2.3. Test Scheme Design

In this paper, the particle size of rubber particles is taken as the research parameter, and RC is taken as the research object. Among them, rubber particles are used as fine aggregate to replace sand in an equal volume, the dosage is designed to be 10%, and the particle sizes of rubber particles are 0.85 mm, 1–3 mm, and 3–6 mm, respectively. The high temperature of 105 ± 5 °C was set up in the electrothermal constant-temperature drying box to dry the test block, so as to avoid the error influence of the internal moisture of concrete on the dry–wet cycle damage, and the initial quality was weighed after drying and cooling to room temperature.

The dry–wet cycle test was carried out in an electrothermal constant-temperature drying oven. The sample was taken out after soaking in 5% Na₂SO₄ solution for 16 h, and then placed in an oven at 80 °C for 6 h. After drying, it was cooled for 2 h. One dry–wet cycle was 24 h, and the number of dry–wet cycles was 0, 30, 60, 90, and 120 times. To ensure the concentration of sodium chloride solution requirements, the solution was replaced every 30 days. After every 30 dry–wet cycles, the test block was placed in an electrothermal constant temperature drying oven and dried. After wiping the residual sulfate with clear water at both ends of the test block, the drying quality of RC and NC was measured. The NN-4B non-metallic ultrasonic detection analyzer was used to determine the ultrasonic parameters [36]. The sampling period was 0.4 µs and the emission voltage was 500 V.

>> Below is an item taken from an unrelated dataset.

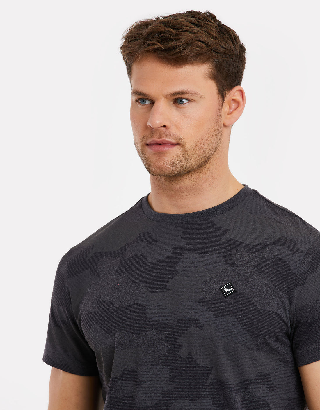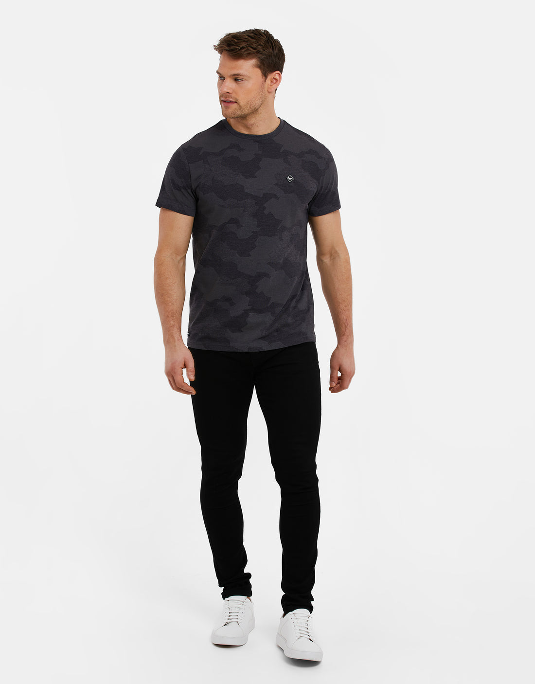 A plain tee with a twist, this Threadbare charcoal grey t-shirt is designed with an all over camo print and raised rubber logo.

The cyclic loading and unloading tests were carried out using an RDL-200 electronic creep relaxation tester. Two different test loading paths were designed for RC and NC with different dry–wet cycles, which were the uniaxial compression test path and cyclic loading–unloading test path. The uniaxial compression test adopts displacement control, the speed is set to 1 mm/min, until the test block is destroyed, and the uniaxial compressive failure load of the cylinder is measured. In the cyclic loading and unloading test, the test block is pre-loaded with a 500 N force to ensure the correct alignment and full contact between the test block and the test device. The test process adopts stress control, and the loading and unloading rate is 30 KN/min. The upper limit of the loading load is 60% of the uniaxial compressive failure load, and the lower limit of the unloading load is 100 N. A loading and unloading process is used as a cycle, and a total of 50 cycles are performed.

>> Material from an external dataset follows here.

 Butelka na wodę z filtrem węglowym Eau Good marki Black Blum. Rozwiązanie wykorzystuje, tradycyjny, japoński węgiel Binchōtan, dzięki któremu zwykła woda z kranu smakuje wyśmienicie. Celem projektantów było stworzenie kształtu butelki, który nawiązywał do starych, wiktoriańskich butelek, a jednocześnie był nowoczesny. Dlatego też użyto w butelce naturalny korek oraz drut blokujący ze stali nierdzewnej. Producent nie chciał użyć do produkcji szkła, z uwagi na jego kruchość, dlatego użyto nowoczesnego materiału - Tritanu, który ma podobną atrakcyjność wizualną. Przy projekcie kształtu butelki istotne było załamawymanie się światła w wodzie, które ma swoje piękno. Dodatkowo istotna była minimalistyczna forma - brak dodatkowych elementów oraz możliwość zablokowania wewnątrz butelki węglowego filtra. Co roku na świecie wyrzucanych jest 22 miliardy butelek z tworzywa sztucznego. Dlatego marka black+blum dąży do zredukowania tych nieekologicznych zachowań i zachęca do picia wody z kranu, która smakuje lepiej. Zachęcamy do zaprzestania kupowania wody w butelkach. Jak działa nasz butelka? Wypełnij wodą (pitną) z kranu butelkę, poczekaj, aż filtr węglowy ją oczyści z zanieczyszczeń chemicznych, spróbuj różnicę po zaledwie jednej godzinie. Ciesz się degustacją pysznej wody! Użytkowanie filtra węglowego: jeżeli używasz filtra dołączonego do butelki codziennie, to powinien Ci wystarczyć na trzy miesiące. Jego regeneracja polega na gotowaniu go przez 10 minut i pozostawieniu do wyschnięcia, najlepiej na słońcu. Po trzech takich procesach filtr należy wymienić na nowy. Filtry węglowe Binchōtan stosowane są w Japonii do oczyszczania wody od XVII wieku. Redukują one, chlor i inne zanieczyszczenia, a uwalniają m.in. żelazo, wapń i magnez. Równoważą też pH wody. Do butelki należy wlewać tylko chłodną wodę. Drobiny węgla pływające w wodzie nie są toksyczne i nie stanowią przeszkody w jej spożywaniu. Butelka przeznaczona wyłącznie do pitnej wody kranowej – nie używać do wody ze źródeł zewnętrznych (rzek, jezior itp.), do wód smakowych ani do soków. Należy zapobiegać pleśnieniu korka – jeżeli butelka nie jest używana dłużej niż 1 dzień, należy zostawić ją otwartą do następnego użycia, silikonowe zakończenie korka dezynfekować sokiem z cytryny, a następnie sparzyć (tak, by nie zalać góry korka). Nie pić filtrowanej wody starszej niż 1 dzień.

3. Experimental Results and Analysis

3.1. Appearance Analysis

In the early stage of dry–wet cycle, the appearance of RC specimens with three different rubber particle sizes did not change significantly. With the dry–wet cycle, the pit corrosion on the concrete surface increased significantly or small cracks appeared. The apparent morphology of RC specimens with different rubber particle sizes after 90 and 120 dry–wet cycles is shown in Figure 1.

As shown in Figure 1a,b, after 90 dry–wet cycles, there are many erosion holes on the surface of the concrete specimen, and the edges of the upper and lower ends are passivated. The cement mortar at the end of the RC specimen with a rubber particle size of 3–6 mm is slightly peeled off, and the damage is the most serious. After 120 dry–wet cycles, the concrete test block is seriously eroded, micro-cracks appear on the surface, the upper and lower ends are passivated, and even some test blocks appear to have fine aggregate shedding, exposing the internal coarse aggregate. This is due to the erosion of sulfate solution, and SO₄²⁻ establishes a three-dimensional transmission area at the end of the test piece to accelerate the erosion process. In the middle and late stages of the dry–wet cycle, the sulfate solution accelerates the deterioration rate of the concrete. With the continuous immersion and drying of water molecules in the RC, the internal pores increase, the cracks gradually penetrate, the internal bonding force and friction force of the concrete decrease, the structure gradually loosens, and the surface of the test block peels off significantly. Secondly, the rubber particles in RC do not participate in the cement hydration reaction, and there is a lack of strong chemical bonding force between rubber particles and other aggregates, resulting in a large gap and accelerating the erosion rate of the sulfate solution. With the increase in the particle size of the rubber particles, the gap around the rubber particles increases, and the range of crystal erosion damage caused by SO₄²⁻ to the concrete increases, which accelerates the invasion of SO₄²⁻. With the progress of the dry–wet cycle, the crystals accumulate in the pores of the concrete, forming a large crystal pressure, resulting in an increase in the pores and the penetration of the cracks, and the concrete surface forms more obvious cracks. The experimental phenomena show that with the increase in dry–wet cycles, the surface damage of RC specimens becomes more serious, and with the increase in rubber particles, the internal voids increase. At this time, the erosion damage of the sulfate solution to RC specimens becomes more serious, and the corrosion resistance of concrete specimens is worse. Among them, the damage of RC samples with a rubber particle size of 3–6 mm is the most serious, and the corrosion resistance of RC samples with a rubber particle size of 0.85 mm is the best.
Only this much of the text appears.